Persyaratan pengajuan Izin HO adalah sebagai berikut : (1) Fotokopi Surat tanah atau bukti lainnya; (2) Fotokopi KTP; (3) Fotokopi NPWP; (4) Fotokopi Akte Pendirian; (5) Fotokopi Tanda Pelunasan PBB; (6) Persyaratan tidak berkeberatan dari tetangga atau masyarakat yang berdekatan; (7) Daftar bahan baku penunjang; (8) Fotokopi IMB/siteplan.

6. SIUP (Surat Izin Usaha Perdagangan)

Bisnis aplikasi pada dasarnya merupakan salah satu usaha perdagangan sehingga juga memerlukan SIUP. Manfaat pembuatan SIUP utamanya adalah memudahkan masyarakat meminjam dana dari perbankkan, lembaga keuangan non bank, maupun program CSR/PKBL. SIUP diterbitkan oleh pemerintah berdasarkan domisili perusahaan dan berlaku di seluruh Indonesia, dan mempunyai 3 kategori, yaitu:

  • SIUP Kecil, yaitu SIUP yang diterbitkan bagi perusahaan yang memiliki modal disetor dan kekayaan bersih di bawah 200 juta di luar tanah dan bangunan.
  • SIUP Menengah, yaitu SIUP yang yang diterbitkan bagi perusahaan yang memiliki modal disetor dan kekayaan bersih antara 200 juta sampai dengan Rp 500 juta di luar tanah dan bangunan.
  • SIUP Besar, yaitu SIUP yang diterbitkan bagi perusahaan yang memiliki modal disetor dan kekayaan bersih di atas 500 juta di luar tanah dan bangunan.

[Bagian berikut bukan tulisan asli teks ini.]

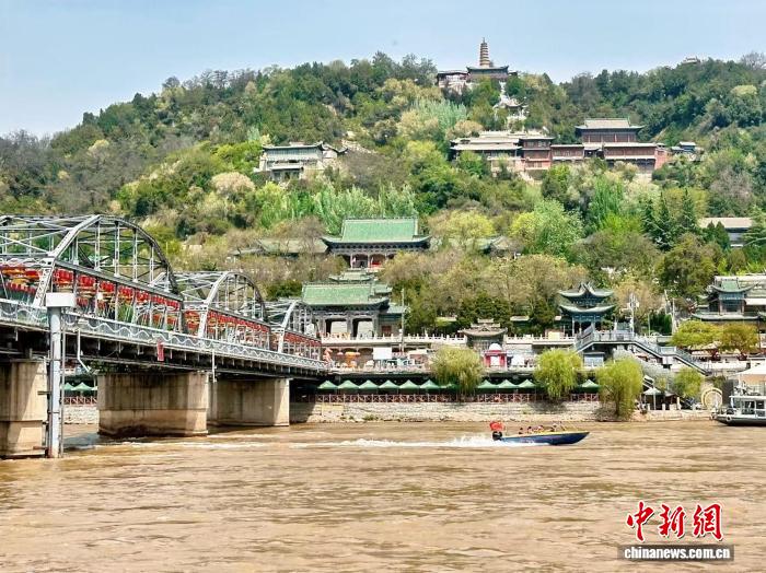 4月23日,气呼呼暖渐温的黄河兰州段迎去秋游暖潮,坐缆车、趁速艇、喂鸽子、领会羊皮筏子、趁坐黄河巴士等1系列黄河秋游名目吸收旅客。图为黄河速艇穿梭兰州中山桥。冯志军 摄

Pengurusan SIUP membutuhkan kelengkapan persyaratan sebagai berikut: (1) Fotokopi sertifikat badan hukum atau pendiri usaha sebanyak 3 buah;(2) Fotokopi nomor pokok wajib pajak (NPWP) sebanyak 3 buah; (3) Fotokopi izin HO atau gangguan sebanyak 3 lembar; (4) Neraca perusahaan sebanyak 3 buah; dan (5)Gambar denah lokasi kegiatan bisnis. Sedang besarnya biaya berbeda-beda bergantung peraturan daerah kabupaten/kota masing-masing daerah. Pengurusan SIUP dan TDP dibeberapa daerah bisa dilakukan secara online.